- **Raw data**
○ ○ ○ ○

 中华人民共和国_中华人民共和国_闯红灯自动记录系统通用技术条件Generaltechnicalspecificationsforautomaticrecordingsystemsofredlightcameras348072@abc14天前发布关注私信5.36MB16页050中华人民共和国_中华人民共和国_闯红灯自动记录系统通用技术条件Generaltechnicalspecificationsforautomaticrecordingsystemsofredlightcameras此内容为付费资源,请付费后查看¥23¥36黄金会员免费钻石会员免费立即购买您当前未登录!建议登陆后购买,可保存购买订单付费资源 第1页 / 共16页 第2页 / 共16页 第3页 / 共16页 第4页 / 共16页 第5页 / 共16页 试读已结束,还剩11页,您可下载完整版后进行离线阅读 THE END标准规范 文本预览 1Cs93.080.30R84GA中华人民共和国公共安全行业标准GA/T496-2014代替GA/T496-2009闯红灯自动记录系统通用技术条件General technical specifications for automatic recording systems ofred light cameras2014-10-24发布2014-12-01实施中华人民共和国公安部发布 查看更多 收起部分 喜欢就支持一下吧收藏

○ ○ ○ ○

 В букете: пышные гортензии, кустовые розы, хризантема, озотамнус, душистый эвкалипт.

○ ○ ○ ○

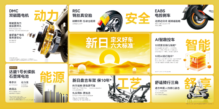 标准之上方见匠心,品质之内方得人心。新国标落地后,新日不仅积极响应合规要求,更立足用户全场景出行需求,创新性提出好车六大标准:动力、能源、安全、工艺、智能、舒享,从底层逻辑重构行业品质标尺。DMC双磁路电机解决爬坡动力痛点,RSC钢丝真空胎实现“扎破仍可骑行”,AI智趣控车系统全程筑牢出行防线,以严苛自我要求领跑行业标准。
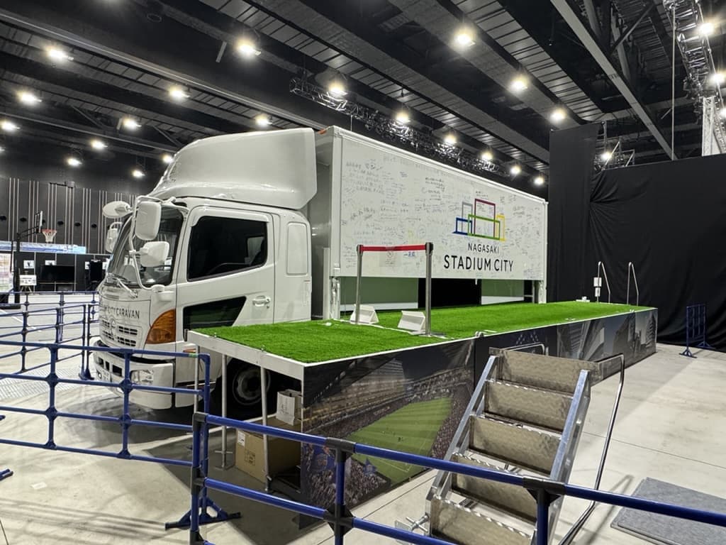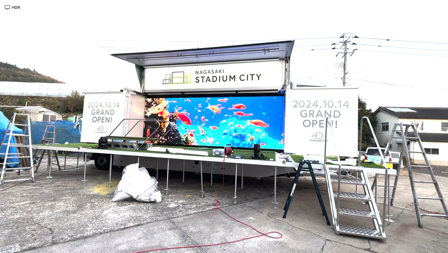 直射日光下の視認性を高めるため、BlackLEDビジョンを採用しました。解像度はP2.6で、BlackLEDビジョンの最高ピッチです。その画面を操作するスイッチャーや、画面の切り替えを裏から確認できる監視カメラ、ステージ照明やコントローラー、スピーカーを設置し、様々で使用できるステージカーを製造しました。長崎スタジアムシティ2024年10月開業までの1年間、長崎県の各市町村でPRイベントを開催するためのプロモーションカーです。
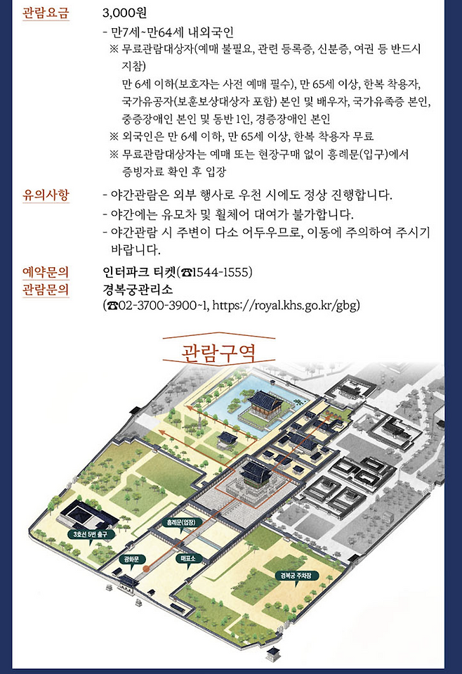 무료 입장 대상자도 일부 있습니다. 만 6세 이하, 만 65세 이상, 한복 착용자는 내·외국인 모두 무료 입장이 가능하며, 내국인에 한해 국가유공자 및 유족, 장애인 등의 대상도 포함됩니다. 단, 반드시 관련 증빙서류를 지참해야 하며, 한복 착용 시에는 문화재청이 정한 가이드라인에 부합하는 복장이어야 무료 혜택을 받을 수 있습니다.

○ ○ ○ ○

Leave the pictures out, and transcribe exactly the lines above starting at the one that contains "直射日光下の視認性を高めるた" and ending at the one that contains "무료 입장 대상자도 일부".

 直射日光下の視認性を高めるため、BlackLEDビジョンを採用しました。解像度はP2.6で、BlackLEDビジョンの最高ピッチです。その画面を操作するスイッチャーや、画面の切り替えを裏から確認できる監視カメラ、ステージ照明やコントローラー、スピーカーを設置し、様々で使用できるステージカーを製造しました。長崎スタジアムシティ2024年10月開業までの1年間、長崎県の各市町村でPRイベントを開催するためのプロモーションカーです。
 무료 입장 대상자도 일부 있습니다. 만 6세 이하, 만 65세 이상, 한복 착용자는 내·외국인 모두 무료 입장이 가능하며, 내국인에 한해 국가유공자 및 유족, 장애인 등의 대상도 포함됩니다. 단, 반드시 관련 증빙서류를 지참해야 하며, 한복 착용 시에는 문화재청이 정한 가이드라인에 부합하는 복장이어야 무료 혜택을 받을 수 있습니다.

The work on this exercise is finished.